The effects of potassium K doping on physicochemical properties of TiO₂, such as their crystallinity, surface areas S_A, solubility, photocatalytic activity, and band gap E_g, were studied by several researchers [25] [26] [27] [28]. Their results were summarized as follows; K-solubility was a very low around 0.2 at%, therefore, E_g was not changed and photocatalytic activity was decreased under visible light conditions. Hao et al. [29] studied the antibacterial activity of K-doped TiO₂ powders, which were prepared using molten potassium nitrate KNO₃ and metal Ti under various calcination temperatures. The obtained samples consisted of a-TiO₂ as well as metal Ti.
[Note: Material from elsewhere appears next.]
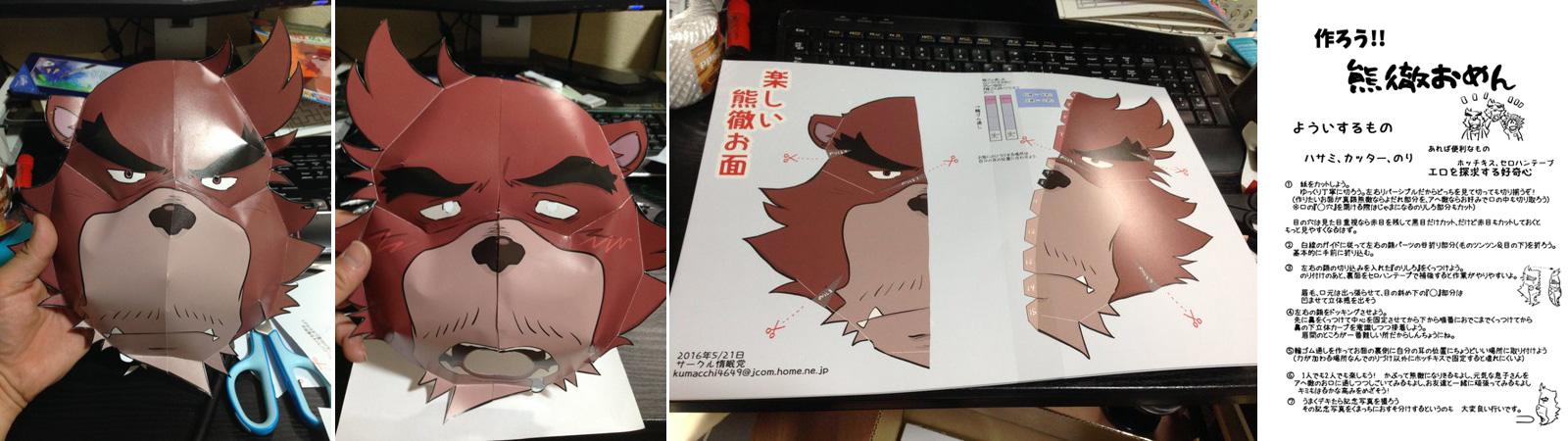 バケモノの子の熊徹の立体お面のペーパークラフトです

Doped (2.6 - 10.6 at% K) TiO₂ samples showed a photocatalytic activity under visible light conditions, despite having a small change in the band gap (3.14 eV), contradicting a previous study [27].They assumed that K⁺ ions decreased E_g of a-TiO₂ and the doped samples killed bacteria under visible light conditions. Under dark conditions, the samples also showed some antibacterial activity.

Yu et al. [30] studied phosphorus-doped TiO₂ powders and reported their microstructures; phosphate P doping inhibited the grain growth during calcination, significantly increasing S_A, and decreased the pore size. About the values of E_g, opposite results were reported, E_g became larger [30] and smaller [31] [32] than those of undoped one. This might be explained in terms of a different source of P and way of synthesis method. Shi et al. [32] investigated the bonding of P in the crystal structure and reported that P was only present as P⁵⁺, and only Ti-O-P bonds were detected. This substitution consequently led to a charge imbalance, which needs to be compensated. The compensation was proved through the decrease in oxygen vacancies. It is known that decreasing oxygen vacancies improved photocatalytic activity, because oxygen vacancies acted as recombination centres for electron-hole pairs [33] [34]. In addition, they also observed an increase in the photocatalytic activity with increasing the P content. Jin et al. [35] found that P doping increased hydroxyl radical emission from the surface, which was also favourable in terms of photocatalytic activity.

Up to now, there is no report on the generation of ROS from a-TiO₂ NPS under dark conditions. Then, we started to investigate the relationship between the amount of ROS and the contents of K, P, and their combined doping, from the viewpoint of the microstructure and physicochemical properties. Finally, we found that anatase (a-TiO₂) powders which could submit a lot of ROS even in the dark; the amounts of ROS were much higher than our previous antibacterial ZnO, in addition, this powder could be prepared with much simpler process. The present paper treats the physicochemical properties in relation with the microbial toxicity of thus prepared anatase (a-TiO₂) as a function of impurity contents and its doping method.